Took the vehicle to the south of France last month, and found a place to leave it till just before Christmas, when we intend to pick it up and carry on with the adventure.
Having left it near Marseille, we now find we can't get the flight back there at Christmas, so we'll have to find another way down, but we've got a couple of months to do some research. Any suggestions please?
We intend to go on through Nice/Cannes into Italy and perhaps get to see Milan, Florence and Pisa (any other suggestions?)
We then want to leave it somewhere secure near an airport we can get home from first week January, (Pisa looks OK) and then we'll go back first week February to spend a week bringing it home.
Any suggestions please for secure storage near a suitable airport?


----------



## Carper (Aug 15, 2007)

Ferdie said:


> New member to the site, and fairly new to Motorhoming.
> Took the vehicle to the south of France last month, and found a place to leave it till just before Christmas, when we intend to pick it up and carry on with the adventure.
> Having left it near Marseille, we now find we can't get the flight back there at Christmas, so we'll have to find another way down, but we've got a couple of months to do some research. Any suggestions please?
> We intend to go on through Nice/Cannes into Italy and perhaps get to see Milan, Florence and Pisa (any other suggestions?)
> ...


Could you not get a flight to Nice (Easyjet) and then take the train to Marseille?

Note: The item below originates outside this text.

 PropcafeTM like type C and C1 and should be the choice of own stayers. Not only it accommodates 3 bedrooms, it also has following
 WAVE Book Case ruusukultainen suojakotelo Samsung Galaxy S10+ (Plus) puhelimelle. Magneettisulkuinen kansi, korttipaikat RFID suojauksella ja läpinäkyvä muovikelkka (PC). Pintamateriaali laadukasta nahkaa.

As for leaving your MH in Italy. It may be an idea to leave it on a site. This is something you could enquire about before heading off. If you can find an ACSI CC site, it should only cost 14 Euro a night...or less.

How do you get on with insurance cover for leaving your MH overseas?

Doug


----------



## 117175 (Oct 4, 2008)

Doug
Thanks for the tip.
I've agreed 165 Euro total for the 3 months in France, so 14 euro a night would be expensive comparatively for the month.
I'm looking at flights to Nice or maybe Perpignon to get back at Christmas - fortunately I have time to try to find a flight from Manchester which is only 20 minutes from home.
Ferdie


----------



## Annsman (Nov 8, 2007)

Do I take it from your non answer of Dougs' question about insurance that it is insured with "It'llbeallrightherestopworrying.co.uk" 

We couldn't find an insurance co. to cover us for leaving the van abroad, when touring, unless it was in an emergency and the storage had to be booked through them.

So if you have got one it would be of interest.

Steve


----------